----- EXTRACTED RECORDS -----

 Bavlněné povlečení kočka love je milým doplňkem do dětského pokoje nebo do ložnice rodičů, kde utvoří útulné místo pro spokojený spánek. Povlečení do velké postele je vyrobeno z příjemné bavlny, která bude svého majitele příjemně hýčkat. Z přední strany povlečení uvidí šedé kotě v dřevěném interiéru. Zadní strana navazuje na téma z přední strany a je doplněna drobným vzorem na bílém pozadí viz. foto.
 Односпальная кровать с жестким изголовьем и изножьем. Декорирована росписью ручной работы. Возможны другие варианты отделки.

-----
----- EXTRACTED RECORDS -----

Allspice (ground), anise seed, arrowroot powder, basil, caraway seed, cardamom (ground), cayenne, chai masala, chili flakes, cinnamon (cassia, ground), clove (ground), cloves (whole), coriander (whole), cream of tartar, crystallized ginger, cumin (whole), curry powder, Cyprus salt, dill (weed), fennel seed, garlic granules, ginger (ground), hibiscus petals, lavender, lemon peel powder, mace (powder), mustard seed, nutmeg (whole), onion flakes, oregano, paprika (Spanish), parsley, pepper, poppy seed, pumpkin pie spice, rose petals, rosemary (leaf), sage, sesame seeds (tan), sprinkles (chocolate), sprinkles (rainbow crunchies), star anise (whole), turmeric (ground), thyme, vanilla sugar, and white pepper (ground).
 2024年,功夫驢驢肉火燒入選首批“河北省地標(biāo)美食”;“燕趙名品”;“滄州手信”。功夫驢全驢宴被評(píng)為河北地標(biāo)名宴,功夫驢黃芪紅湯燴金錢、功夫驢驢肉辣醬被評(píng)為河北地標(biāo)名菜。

-----
----- EXTRACTED RECORDS -----

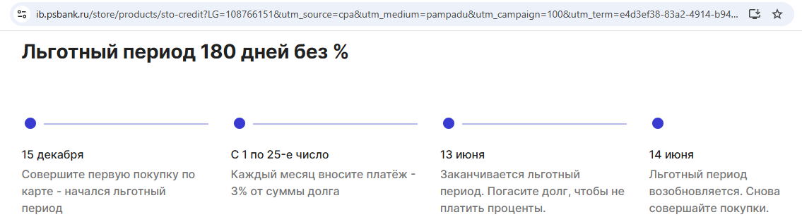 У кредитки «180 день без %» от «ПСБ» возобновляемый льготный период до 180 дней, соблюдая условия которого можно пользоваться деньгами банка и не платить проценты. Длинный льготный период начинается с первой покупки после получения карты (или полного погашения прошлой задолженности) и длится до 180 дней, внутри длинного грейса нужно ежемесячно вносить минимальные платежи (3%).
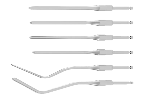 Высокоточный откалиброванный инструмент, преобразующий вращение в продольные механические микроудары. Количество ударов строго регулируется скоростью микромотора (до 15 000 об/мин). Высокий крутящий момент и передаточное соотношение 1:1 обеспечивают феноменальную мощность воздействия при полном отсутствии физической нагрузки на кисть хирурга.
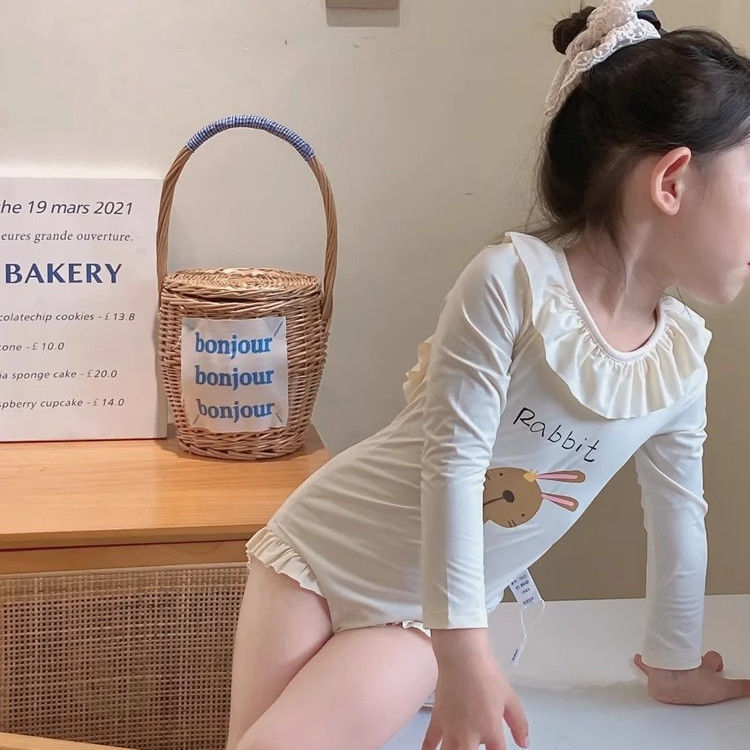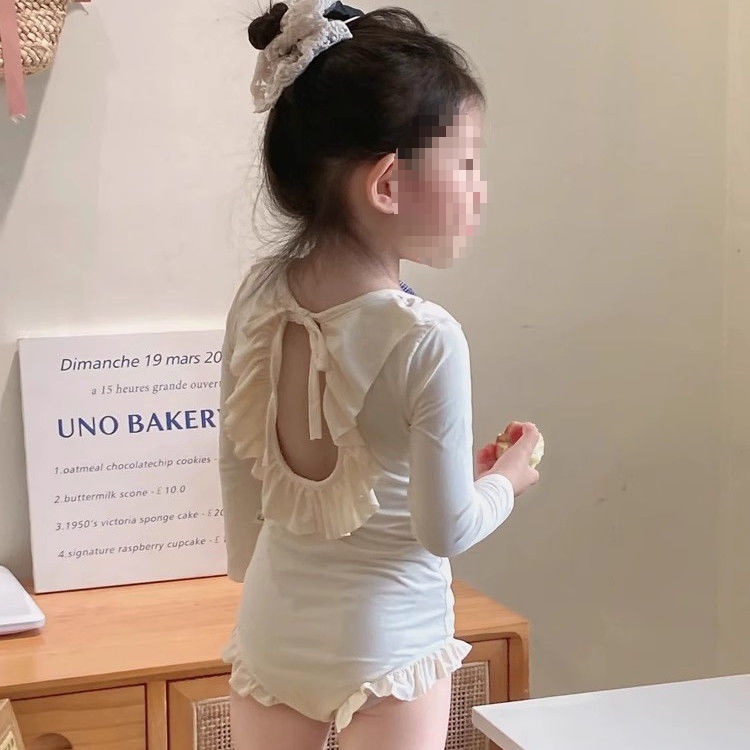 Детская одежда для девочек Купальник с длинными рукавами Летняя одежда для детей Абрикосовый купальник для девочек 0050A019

-----

- [DIRECTIONS FOR THIS TASK]: Look in the material above for the line with "Bavlněné povlečení kočka" and the line with "Односпальная кровать с", and transcribe exactly those lines and all lines between them, nothing more.

- [WRITTEN ANSWER]:
 Bavlněné povlečení kočka love je milým doplňkem do dětského pokoje nebo do ložnice rodičů, kde utvoří útulné místo pro spokojený spánek. Povlečení do velké postele je vyrobeno z příjemné bavlny, která bude svého majitele příjemně hýčkat. Z přední strany povlečení uvidí šedé kotě v dřevěném interiéru. Zadní strana navazuje na téma z přední strany a je doplněna drobným vzorem na bílém pozadí viz. foto.
 Односпальная кровать с жестким изголовьем и изножьем. Декорирована росписью ручной работы. Возможны другие варианты отделки.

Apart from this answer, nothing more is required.